▸ ACTION ITEM: Write the listing out again word for word, leaving each picture behind.

▸ INFORMATION SUPPLIED:
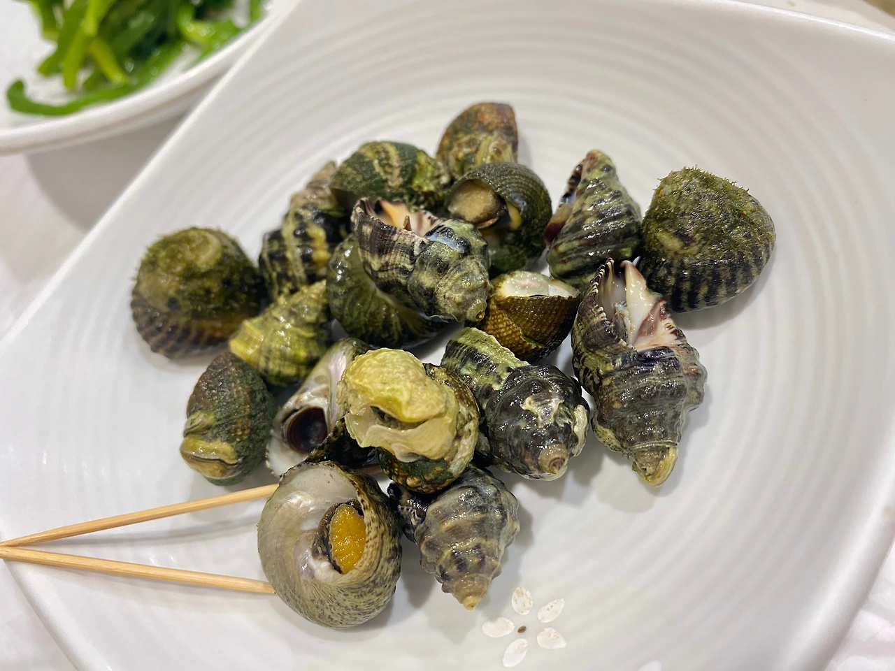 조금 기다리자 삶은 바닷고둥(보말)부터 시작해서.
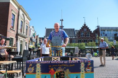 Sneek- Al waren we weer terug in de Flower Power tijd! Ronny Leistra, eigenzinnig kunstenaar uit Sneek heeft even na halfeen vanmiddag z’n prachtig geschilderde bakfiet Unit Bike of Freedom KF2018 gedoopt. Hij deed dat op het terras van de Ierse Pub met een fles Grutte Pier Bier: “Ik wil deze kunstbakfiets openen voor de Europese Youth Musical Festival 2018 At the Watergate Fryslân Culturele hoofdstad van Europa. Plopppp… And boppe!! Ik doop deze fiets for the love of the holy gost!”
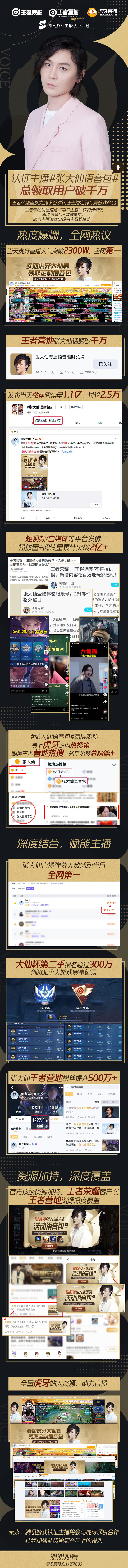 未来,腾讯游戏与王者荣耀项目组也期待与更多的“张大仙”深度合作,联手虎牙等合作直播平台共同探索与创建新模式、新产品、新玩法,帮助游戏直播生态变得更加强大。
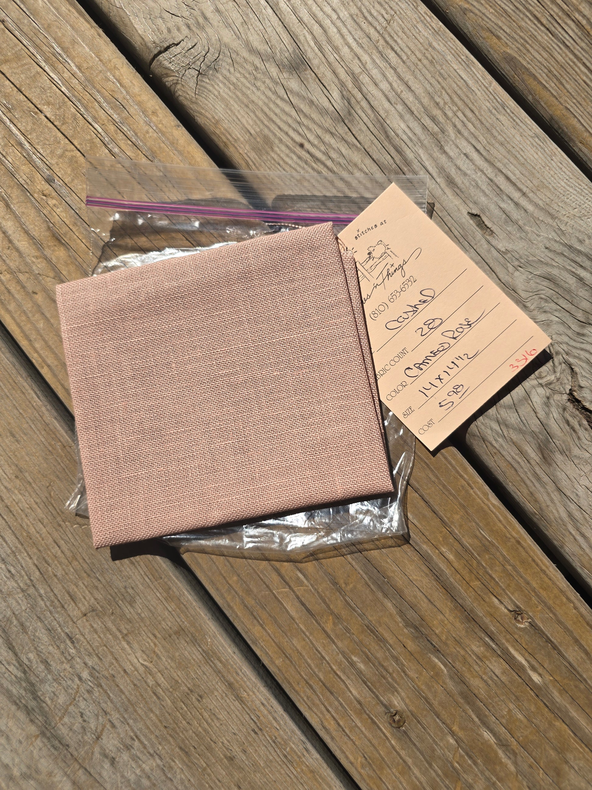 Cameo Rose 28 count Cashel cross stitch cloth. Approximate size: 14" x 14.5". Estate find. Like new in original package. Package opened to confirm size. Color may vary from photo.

▸ SOLUTION:
 조금 기다리자 삶은 바닷고둥(보말)부터 시작해서.
 Sneek- Al waren we weer terug in de Flower Power tijd! Ronny Leistra, eigenzinnig kunstenaar uit Sneek heeft even na halfeen vanmiddag z’n prachtig geschilderde bakfiet Unit Bike of Freedom KF2018 gedoopt. Hij deed dat op het terras van de Ierse Pub met een fles Grutte Pier Bier: “Ik wil deze kunstbakfiets openen voor de Europese Youth Musical Festival 2018 At the Watergate Fryslân Culturele hoofdstad van Europa. Plopppp… And boppe!! Ik doop deze fiets for the love of the holy gost!”
 未来,腾讯游戏与王者荣耀项目组也期待与更多的“张大仙”深度合作,联手虎牙等合作直播平台共同探索与创建新模式、新产品、新玩法,帮助游戏直播生态变得更加强大。
 Cameo Rose 28 count Cashel cross stitch cloth. Approximate size: 14" x 14.5". Estate find. Like new in original package. Package opened to confirm size. Color may vary from photo.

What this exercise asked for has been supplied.